Ошибка 403 доступ запрещен в apache

Update October 2016

4 years ago, since this answer is used as a reference by many, and while I learned a lot from security perspective during these years,
I feel I am responsible to clarify some important notes, and I’ve update my answer accordingly.

The original answer is correct but not safe for some production environments,
in addition I would like to explain some issues that you might fall into while setting up your environment.

If you are looking for a quick solution and SECURITY IS NOT A MATTER, i.e development env, skip and read the original answer instead

Many scenarios can lead to 403 Forbidden:

---

A. Directory Indexes (from mod_autoindex.c)

When you access a directory and there is no default file found in this directory
AND Apache Options Indexes is not enabled for this directory.

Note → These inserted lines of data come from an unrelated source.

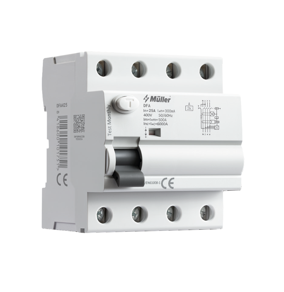 El interruptor automático diferencial de corriente residual Clase A de la serie DFA es adecuado para circuitos de AC 50/60 Hz, con una tensión nominal de 230 V para 2 polos y 400 V para 4 polos, y una corriente nominal de hasta 100 A.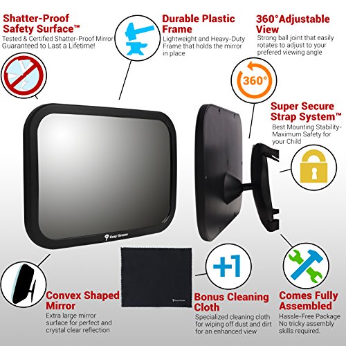- Title : Cozy Greens 360 Adjustable View Super Secure Strap System Back Seat Mirror with eBook on Traveling with Kids and Specialized Cleaning Cloth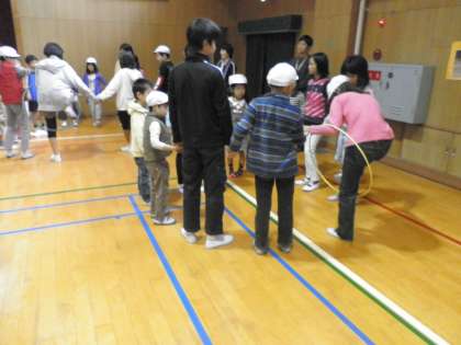 今日の遊びは「フラフープをくぐれ」でした。縦割りグループで手をつないで輪になり、協力しながら手をはなさずに全員がフラフープをくぐり抜けたら成功です。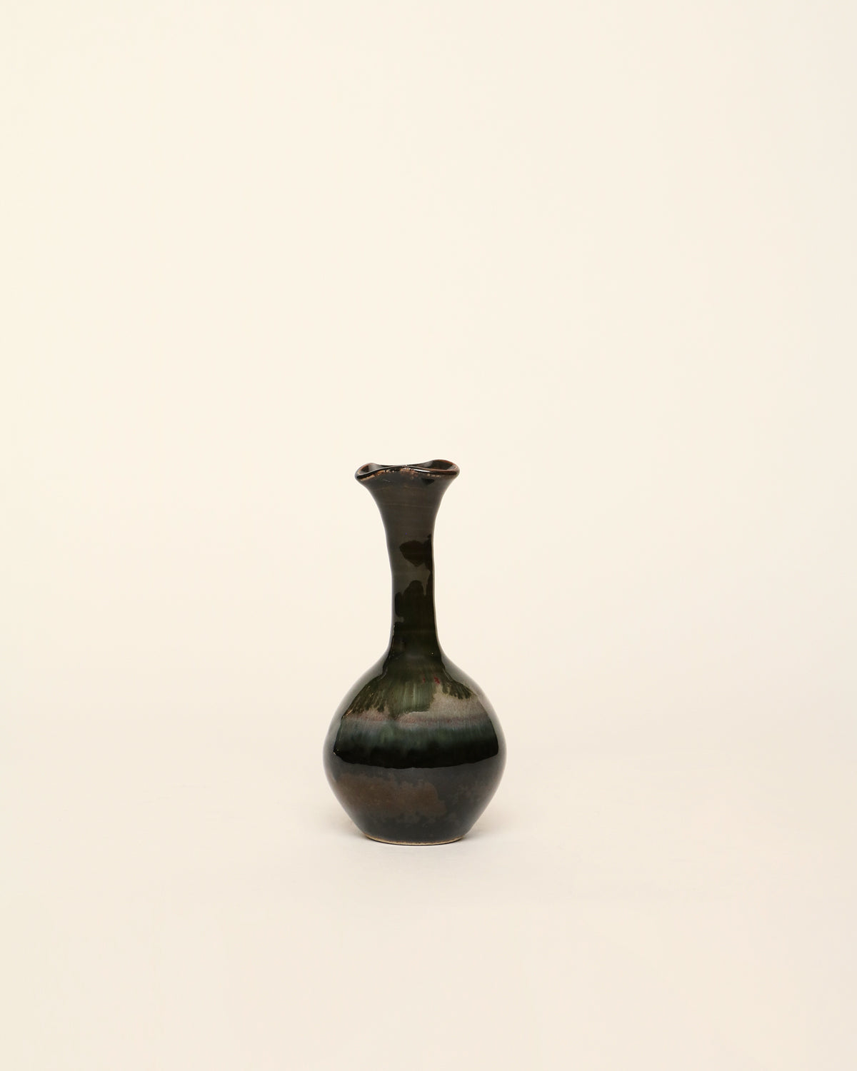 Jarrón de cerámica en tonos marrones, verdes y azules.

A.1. DirectoryIndex option example

DirectoryIndex index.html default.php welcome.php

A.2. Options Indexes option

If set, Apache will list the directory content if no default file found (from the above 👆🏻 option)

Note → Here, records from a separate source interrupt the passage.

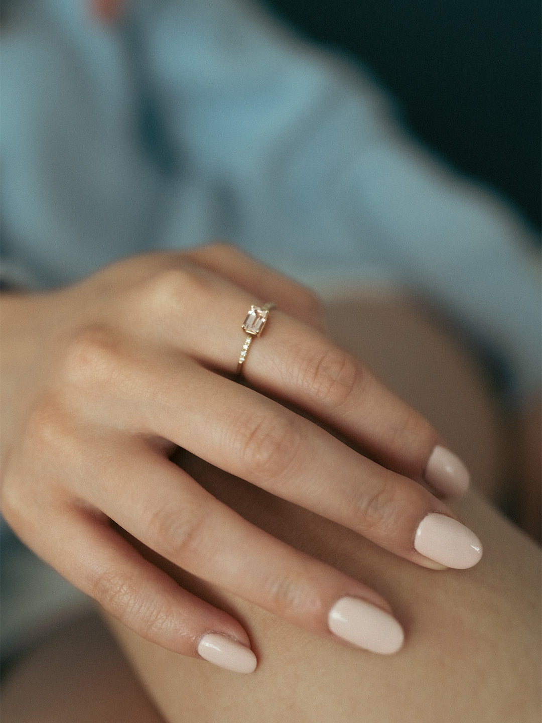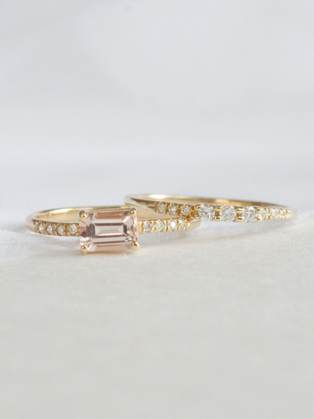 - One (1) Emerald Cut Morganite (approx 0.40 ctw )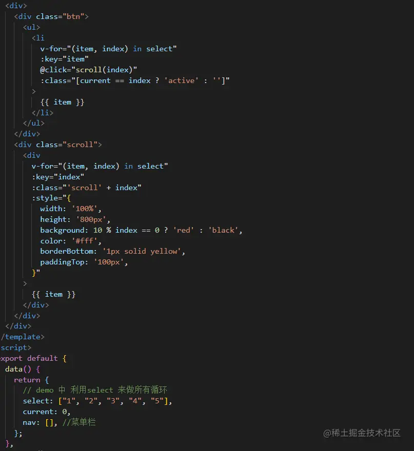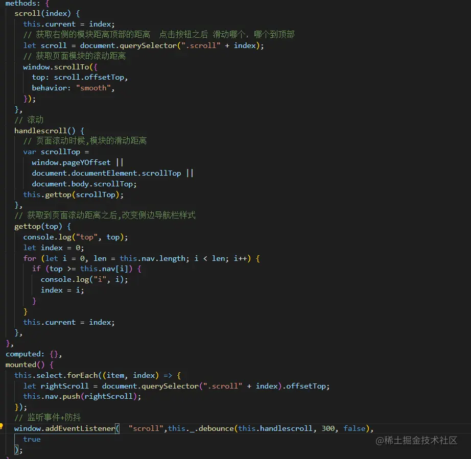 页面滚动 侧边导航栏改变,点击导航栏内容,相应页面内容到达顶部 枫叶秋 2020-12-31 516 阅读1分钟 mounted():中 nav获取到页面模块距离顶部的高度, 在利用gettop方法去页面滚动时候到达的滚动高度做比较,改变导航栏样式 注意: 最后出来的结果 侧边栏也可点击按钮 实现页面模块到达顶部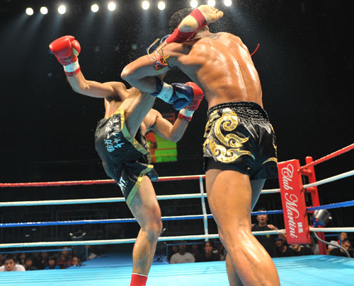 T-98(左)の右ハイキックがクリーンヒット!ブアカーオからTKO勝ちを奪った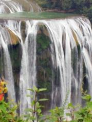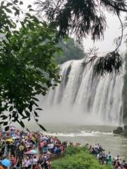黄果树大瀑布果然名不虚传,去时为工作日,未入景区,便见人山人海,可见其爆棚人气。进得景区,先是穿过一处盆景园,之后乘坐自动扶梯往下,出扶梯,远远就可听见水声轰轰,近观之,白练如泻,从天而来,气势非凡。据介绍,黄果树大瀑布水量最充沛的时节是在七八月份,此时雨量丰富,因此瀑布水流湍急。而正是由于水量太大,因此夹杂有大量泥沙,水体也呈黄色,观赏效果不算最佳。而九月的黄果树,水量较七八月略少,但比其他时节又多,不失飞瀑气势,水色又清澈白净,此时游赏,恰逢其时。

If none of the conditions above is satisfied

You will receive a 403 Forbidden

Recommendations

• You should not allow directory listing unless REALLY needed.
• Restrict the default index DirectoryIndex to the minimum.
• If you want to modify, restrict the modification to the needed directory ONLY, for instance, use .htaccess files, or put your modification inside the <Directory /my/directory> directive

---

B. deny,allow directives (Apache 2.2)

Mentioned by @Radu, @Simon A. Eugster in the comments
You request is denied, blacklisted or whitelisted by those directives.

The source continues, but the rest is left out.